How to Work with CSV and JSON Datasets in Python
Introduction
When working with Machine Learning or data analysis projects, CSV and JSON are the most commonly used file formats for datasets. Python makes it easy to load, parse, and manipulate these formats using built-in libraries and external packages like pandas
and json
. In this post, you’ll learn how to work with CSV and JSON data efficiently.
What is a CSV File?
CSV (Comma-Separated Values) is a simple text file format used to store tabular data like spreadsheets. Each line represents a row, and commas separate the columns.
Example:
Name,Age,Gender
Alice,30,Female
Bob,25,Male
What is a JSON File?
JSON (JavaScript Object Notation) is a format used to store and transport structured data using key-value pairs. It’s commonly used in APIs and web data.
Example:
{
"Name": "Alice",
"Age": 30,
"Gender": "Female"
}
Reading CSV Files Using Pandas
import pandas as pd
# Load CSV file
df = pd.read_csv('data.csv')
# Display first 5 rows
print(df.head())
You can also specify:
delimiter
: if the separator is not a comma.usecols
: to load specific columns.na_values
: to handle missing values.
Writing to a CSV File
df.to_csv('output.csv', index=False)
Setting index=False
ensures the index column is not saved in the file.
Reading JSON Files
Python provides a built-in json
module.
import json
# Load JSON file
with open('data.json', 'r') as file:
data = json.load(file)
print(data)
For a JSON dataset structured as a list of dictionaries, you can load it into a DataFrame:
df = pd.DataFrame(data)
print(df.head())
Writing JSON Files
with open('output.json', 'w') as file:
json.dump(data, file, indent=4)
The indent=4
makes the output more readable.
Using Pandas to Read JSON
df = pd.read_json('data.json')
print(df.head())
You can also convert a DataFrame to JSON:
df.to_json('output.json', orient='records', lines=True)
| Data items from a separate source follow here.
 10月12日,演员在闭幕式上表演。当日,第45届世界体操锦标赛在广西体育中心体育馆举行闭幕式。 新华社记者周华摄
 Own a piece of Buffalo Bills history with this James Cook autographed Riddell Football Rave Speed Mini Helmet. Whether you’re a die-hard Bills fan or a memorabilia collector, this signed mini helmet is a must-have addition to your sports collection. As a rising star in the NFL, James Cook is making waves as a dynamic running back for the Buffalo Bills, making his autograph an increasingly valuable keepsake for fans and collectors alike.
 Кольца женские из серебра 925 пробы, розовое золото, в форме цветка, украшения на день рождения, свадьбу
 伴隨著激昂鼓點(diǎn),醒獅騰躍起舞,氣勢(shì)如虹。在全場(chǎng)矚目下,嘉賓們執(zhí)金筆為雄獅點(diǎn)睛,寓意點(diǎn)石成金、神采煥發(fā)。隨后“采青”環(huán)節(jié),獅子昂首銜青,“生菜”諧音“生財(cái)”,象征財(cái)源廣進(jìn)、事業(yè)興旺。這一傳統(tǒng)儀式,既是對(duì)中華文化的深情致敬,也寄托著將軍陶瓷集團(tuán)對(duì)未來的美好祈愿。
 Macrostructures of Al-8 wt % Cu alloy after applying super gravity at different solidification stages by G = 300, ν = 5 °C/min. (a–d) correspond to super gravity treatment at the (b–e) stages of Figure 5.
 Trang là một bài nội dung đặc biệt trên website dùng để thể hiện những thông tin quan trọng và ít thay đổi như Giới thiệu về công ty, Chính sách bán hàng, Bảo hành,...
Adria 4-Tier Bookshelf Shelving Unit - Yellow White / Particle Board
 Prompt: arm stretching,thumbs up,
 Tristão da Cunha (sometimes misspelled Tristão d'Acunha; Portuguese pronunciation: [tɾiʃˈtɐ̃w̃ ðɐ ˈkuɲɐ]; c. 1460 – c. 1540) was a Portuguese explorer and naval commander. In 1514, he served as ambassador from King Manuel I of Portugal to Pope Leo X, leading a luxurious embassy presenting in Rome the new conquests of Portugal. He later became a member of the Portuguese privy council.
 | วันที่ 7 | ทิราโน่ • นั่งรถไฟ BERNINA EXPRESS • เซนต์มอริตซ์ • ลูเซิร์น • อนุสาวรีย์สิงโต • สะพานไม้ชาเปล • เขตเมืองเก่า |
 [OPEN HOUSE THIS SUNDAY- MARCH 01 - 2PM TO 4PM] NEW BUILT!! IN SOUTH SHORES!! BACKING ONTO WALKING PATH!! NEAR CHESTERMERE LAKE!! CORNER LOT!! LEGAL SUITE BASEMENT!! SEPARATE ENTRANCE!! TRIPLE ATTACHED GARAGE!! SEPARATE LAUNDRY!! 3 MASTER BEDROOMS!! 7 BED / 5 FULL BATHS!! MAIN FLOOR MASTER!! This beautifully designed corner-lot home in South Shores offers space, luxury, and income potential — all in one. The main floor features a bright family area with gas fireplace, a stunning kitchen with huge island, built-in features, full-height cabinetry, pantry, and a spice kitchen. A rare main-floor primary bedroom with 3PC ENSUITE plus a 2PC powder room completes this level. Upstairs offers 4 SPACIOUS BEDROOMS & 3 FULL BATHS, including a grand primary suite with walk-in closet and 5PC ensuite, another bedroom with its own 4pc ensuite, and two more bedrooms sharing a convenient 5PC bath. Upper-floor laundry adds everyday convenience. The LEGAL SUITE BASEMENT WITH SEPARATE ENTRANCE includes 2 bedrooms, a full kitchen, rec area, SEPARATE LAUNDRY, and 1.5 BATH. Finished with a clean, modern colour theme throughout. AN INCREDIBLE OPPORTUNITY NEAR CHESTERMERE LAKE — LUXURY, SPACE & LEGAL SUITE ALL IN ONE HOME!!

Key Differences Between CSV and JSON
Feature | CSV | JSON |
---|---|---|
Structure | Tabular | Hierarchical |
Readability | Human-readable | Human-readable |
Best for | Tables/Spreadsheets | Nested or complex data |
Size | Smaller | Slightly larger |
Conclusion
Understanding how to handle CSV and JSON datasets is essential for any data-driven project. Python’s pandas
and json
modules make it simple to read, write, and manipulate data stored in these formats. Mastering this skill will help you handle real-world data more effectively in your Machine Learning journey.